→ Excerpted records:
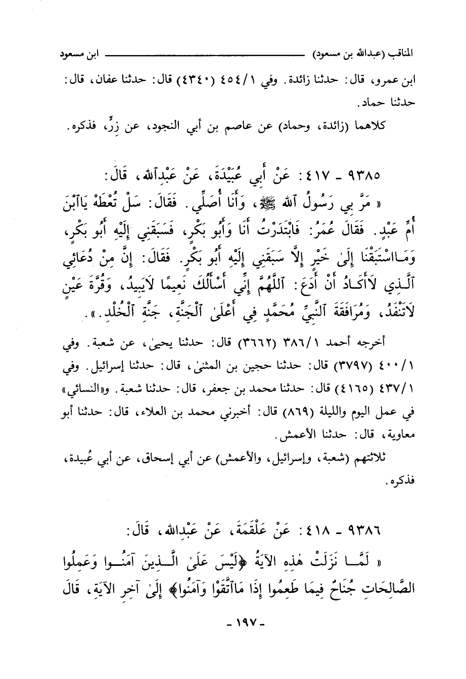 ٩٣٨٥ - عَنْ أَبِي عُبَيْدَةَ، عَنْ عَبْدِ اللهِ، قَالَ:
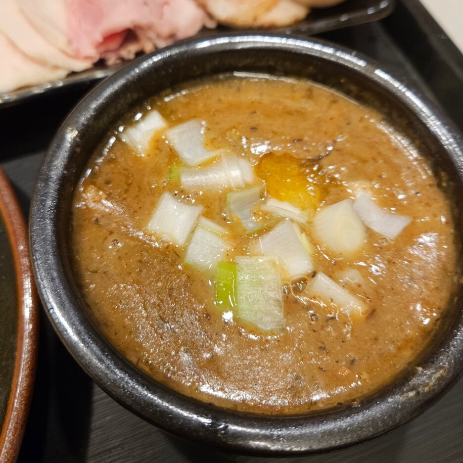 츠케멘의 모든 맛을 좌우하는 국물, 츠케지루의 모습. 음식을 받으면 강하게 올라오는 멸치향은 이 녀석 때문이다. 살짝 기름기 있는 국물에 올라가 있는 하얀색 파들의 모습이 인상적이다.
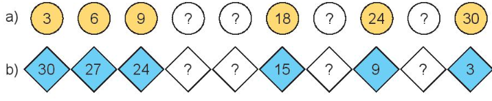 Đếm thêm 3 đơn vị hoặc đếm lùi 3 đơn vị rồi viết số còn thiếu vào ô trống.
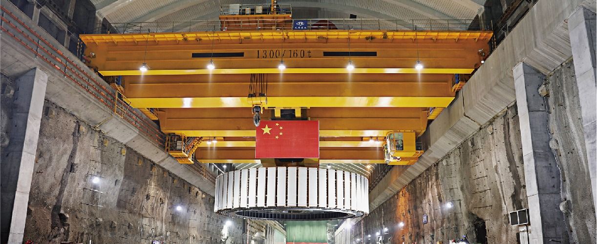 2021年6月28日,太重集團(tuán)生產(chǎn)制造的1300噸橋式起重機(jī),順利完成了三峽白鶴灘水電站全球首臺(tái)百萬(wàn)千瓦水電機(jī)組吊裝任務(wù)。
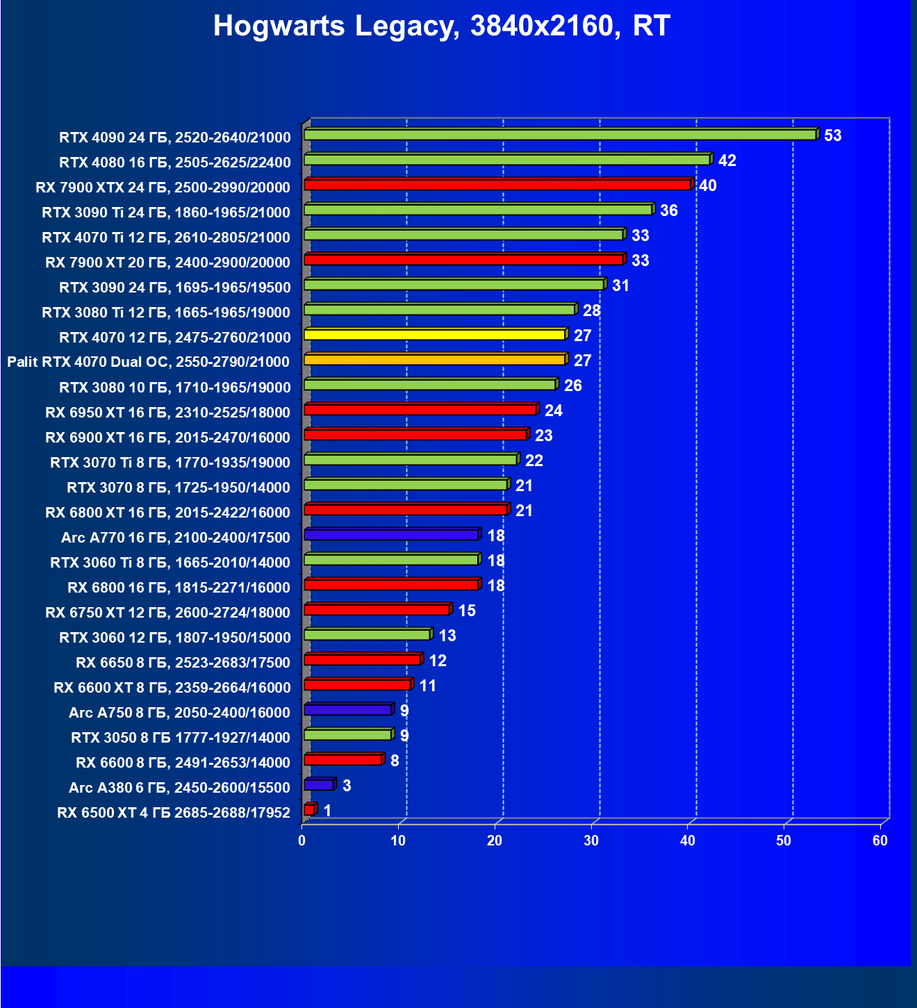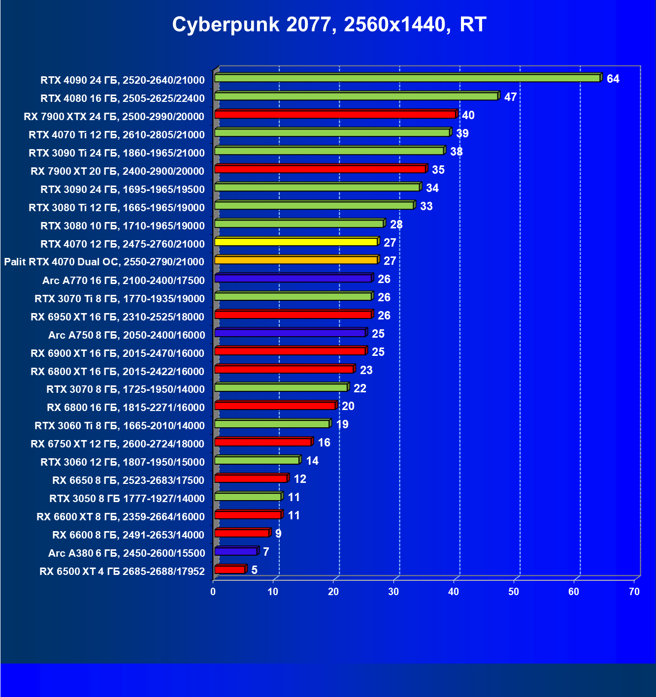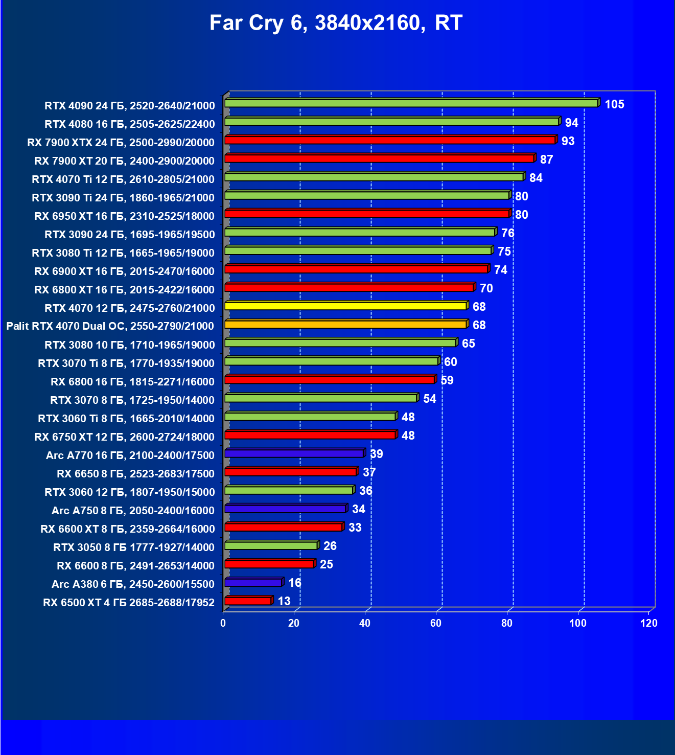 | 12 | Palit RTX 4070 Dual OC, 2550—2790/21000 | 453 | 69 | 70 000 |

→ Your assignment: From the first line to the last, reproduce the listing above exactly, leaving the pictures out.

→ Answer space:
 ٩٣٨٥ - عَنْ أَبِي عُبَيْدَةَ، عَنْ عَبْدِ اللهِ، قَالَ:
 츠케멘의 모든 맛을 좌우하는 국물, 츠케지루의 모습. 음식을 받으면 강하게 올라오는 멸치향은 이 녀석 때문이다. 살짝 기름기 있는 국물에 올라가 있는 하얀색 파들의 모습이 인상적이다.
 Đếm thêm 3 đơn vị hoặc đếm lùi 3 đơn vị rồi viết số còn thiếu vào ô trống.
 2021年6月28日,太重集團(tuán)生產(chǎn)制造的1300噸橋式起重機(jī),順利完成了三峽白鶴灘水電站全球首臺(tái)百萬(wàn)千瓦水電機(jī)組吊裝任務(wù)。
 | 12 | Palit RTX 4070 Dual OC, 2550—2790/21000 | 453 | 69 | 70 000 |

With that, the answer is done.